We have probably all heard or read this quote.

As in life and as in the way we travel, some people might be described as "destination or goal focused" while others might be described as "journey focused". The former rush march along quickly passing through regions without stopping, determined to reach their destination, while the latter amble slowly along taking their time, taking in the sites, etc without any concern if their reach their destination.

With reference to those that have walked the camino and especially those that have walked the camino more than once, I wonder how your experience of doing to the camino relates to this quote?

Did you find yourself a more "destination focused" person or "journey focused" person, or both or neither? If neither how might you describe yourself then?

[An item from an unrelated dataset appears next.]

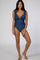 A solid hued one-piece swimsuit, featuring a deep v-neckline, adjustable straps with ruffle detailing, ruched sides, removeable padded cups and a double lining.

Did you start off being one type of person and then change along the way?
 
A selection of Camino Jewellery
Ah, well, for me its a destination with the odd sideways glance along the journey beacuse if I don't get the ferry from Santander on the 12 October my wife will not be best pleased having promised her I was just popping out to get a newspaper. What I failed to mention is that it was the Santiago Pilgrim Times. I am leaving from St J P DE P on 8 September, you will recognise me, I'll be the chap hurrying by glancing nervously at his watch.
Best wishes
Rog
http://www.justgiving.com/thepilgrim
 
For a Buddhist (and for me!) the journey is everything.
For the medieval Catholic pilgrim in pursuit of a remission from sins the focus was on the destination. There would've been no point in undertaking a long and dangerous journey with no New Jerusalem at the end of it!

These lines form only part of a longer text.